Leng M, Hwang L, Moscicki AB
Comparison of colposcopic appearances between HPV-vaccinated and unvaccinated women with high-risk HPV infections
BACKGROUND: Human papillomavirus (HPV) is the leading cause of cervical cancer (CC) in women. Abnormal CC screening is followed up with colposcopy, a procedure that utilizes a magnified image of the cervix. Criteria have been developed based on lesion characteristics to aid the clinician in targeting areas at high risk for pre-cancer and cancer for biopsy. HPV types 16 and 18 are the most common genotypes associated with CC and have also been associated with more severe colposcopic findings. However, HPV 16 and 18 have become less prevalent with the introduction of the HPV vaccine thus leaving HPV infections with potentially less obvious sites for biopsy. Our study examines whether HPV vaccination status impacts the severity of colposcopic findings in women with high-risk HPV (hrHPV) infections, which may have implications on the utility of colposcopy in HPV vaccinated women.

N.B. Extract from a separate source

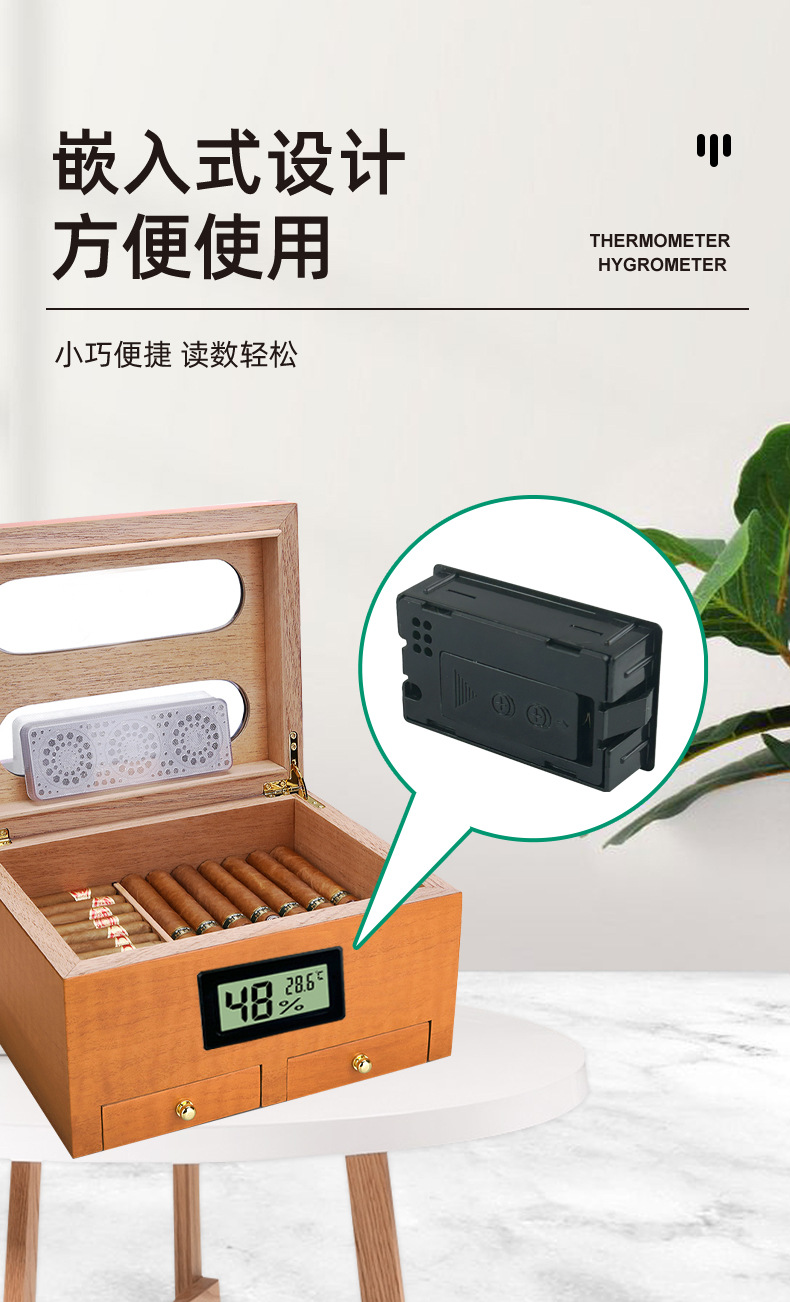 円形の人気温度湿度計埋め込み型プローブ付き爬行館温湿度計シガーワインキャビネット温湿度計

METHODS: Women were enrolled in the UCSF HPV natural history study between 1990 and 2004, which included healthy women ages 13-21 years who were routinely examined with colposcopy, colpophotography, and HPV DNA testing every 4-6 months. Colposcopic photographs for 60 vaccinated and 56 unvaccinated women were reviewed. Colpophotographs were included in final analysis only if hrHPV testing was positive at that visit date. Outcomes included 1) colposcopic impression (normal vs. abnormal) and 2) colposcopy severity score (derived from 0 – 7 point scale for each lesion based on vascular changes, size, acetowhitening, and demarcation). Chi-squared analysis and Fischer’s Exact Test were used to test for associations between vaccination status, hrHPV genotype, and colposcopic findings for all colpophotographs and separately for individual women using the colpophotograph with highest colposcopy score.
RESULTS: Of 1427 colpophotographs reviewed, 260 met criteria for inclusion in final analysis. Compared to colpophotographs from women with non-16/18 hrHPV, colpophotographs from women with 16/18 hrHPV had significantly higher rates of abnormal colposcopic impressions (44% vs. 76%, respectively, p < 0.001) and higher mean colposcopy scores (2.9 vs. 4.7, respectively, p < 0.001). Colpophotographs from vaccinated women with non-16/18 hrHPV had significantly higher colposcopy scores compared to those from unvaccinated women with non-16/18 hrHPV infections (3.8 vs. 2.9, respectively, p < 0.05). There were no significant differences between vaccinated and unvaccinated women with non-16/18 hrHPV in analysis of individual women. Post-hoc examination of cervical lesions in vaccinated women revealed that 63% of cervical lesions in vaccinated women originated prior to date of first vaccination; the mean colposcopy score for lesions originating prior to vaccination was 5.39, compared to 1.00 for lesions arising after date of first vaccination.
CONCLUSIONS: Our study supports prior findings that HPV types 16 and 18 are associated with more severe colposcopic findings compared to other hrHPV types. The differences observed between vaccinated and unvaccinated women with non-16/18 hrHPV are explained by the high number of cervical lesions with severe colposcopic features pre-dating first vaccination. The disappearance of these differences in sub-analysis of individual women also suggests that a few vaccinated women with severe cervical disease were primarily driving these differences. Overall, our study suggests that colposcopy will be influenced by vaccination and the near eradication of HPV 16/18 lesions; however, considering vaccination does not have therapeutic benefit for pre-existing lesions, colposcopy is likely to remain a useful part of cervical cancer screening for vaccinated women— especially those vaccinated after onset of sexual activity.